**** EXERCISE INPUTS

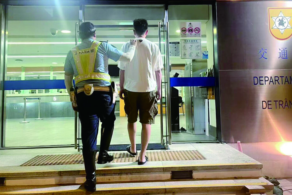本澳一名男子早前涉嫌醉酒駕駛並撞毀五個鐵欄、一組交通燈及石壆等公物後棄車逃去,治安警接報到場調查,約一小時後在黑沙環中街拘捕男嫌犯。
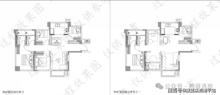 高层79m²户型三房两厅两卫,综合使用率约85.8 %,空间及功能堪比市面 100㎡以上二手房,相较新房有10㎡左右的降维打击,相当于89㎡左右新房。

********
**** EXERCISE INPUTS

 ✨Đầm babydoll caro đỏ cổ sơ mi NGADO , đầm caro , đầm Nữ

********
**** EXERCISE INPUTS

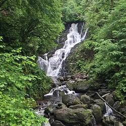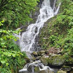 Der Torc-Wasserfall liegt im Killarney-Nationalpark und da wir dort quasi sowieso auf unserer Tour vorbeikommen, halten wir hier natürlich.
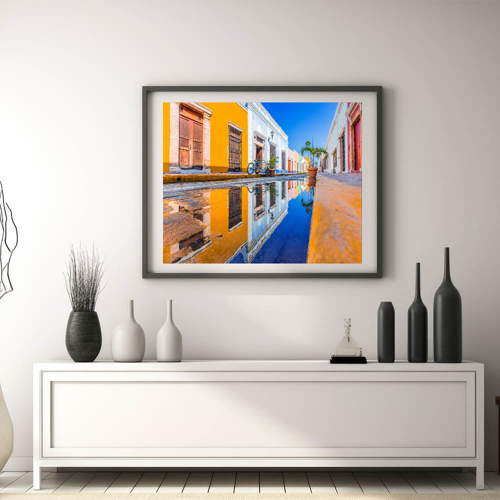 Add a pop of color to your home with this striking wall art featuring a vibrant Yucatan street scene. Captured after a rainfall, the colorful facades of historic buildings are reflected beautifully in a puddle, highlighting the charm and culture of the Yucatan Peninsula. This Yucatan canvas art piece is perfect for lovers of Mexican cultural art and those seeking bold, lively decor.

********

EXERCISE INSTRUCTIONS: From the records above, quote word for word only the lines beginning at the line that has "Der Torc-Wasserfall liegt" and stopping after the line that has "Add a pop of". Omit the pictures.

RESPONSE TO THIS EXERCISE:
 Der Torc-Wasserfall liegt im Killarney-Nationalpark und da wir dort quasi sowieso auf unserer Tour vorbeikommen, halten wir hier natürlich.
 Add a pop of color to your home with this striking wall art featuring a vibrant Yucatan street scene. Captured after a rainfall, the colorful facades of historic buildings are reflected beautifully in a puddle, highlighting the charm and culture of the Yucatan Peninsula. This Yucatan canvas art piece is perfect for lovers of Mexican cultural art and those seeking bold, lively decor.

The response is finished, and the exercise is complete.